EPA officials said little after the agency’s Sara Hisel-McCoy read aloud a series of slides laying out the background of the current proposal.

“We’re here to listen,” said EPA Deputy Assistant Administrator Lee Forsgren, the political appointee in charge of water safety at the agency. He came to the EPA in 2017 after being an attorney for a fossil-fuel lobbying firm.

The EPA proposal is in response to a petition by the Northwest Pulp and Paper Association and other industry groups.

Chris McCabe with the pulp and paper association said current water quality standards “cannot be achieved with existing or even foreseeable technology.”

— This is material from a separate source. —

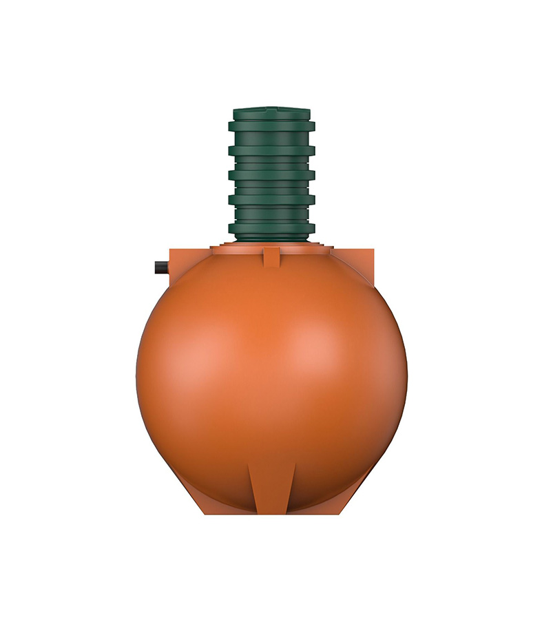 Компактный и сверхпрочный резервуар, изготовленный методом ротационного формования. Отсутствие швов и сферическая форма гарантируют абсолютную герметичность и устойчивость к давлению грунта без дополнительного бетонирования.

“Unachievable standards of any type, for water quality or anything, do not drive meaningful environmental protection,” McCabe said. “Instead, they result in permitting chaos, uncertainty and litigation.”

Oregon Department of Environmental Quality director Richard Whitman said similar regulations in his state had been in place for more than a decade and had proven successful in other states as well.

“EPA is dead set on systematically dismantling clean water protections and states’ rights,” Washington Department of Ecology director Maia Bellon said. “To this, Washington state says, ‘no.’”

Bellon said this was the state’s 8th formal communication opposing EPA’s “regressive and illegal” proposal. Washington Attorney General Bob Ferguson sued the EPA over it in June.

The EPA is taking public comment on the proposal until Oct. 7.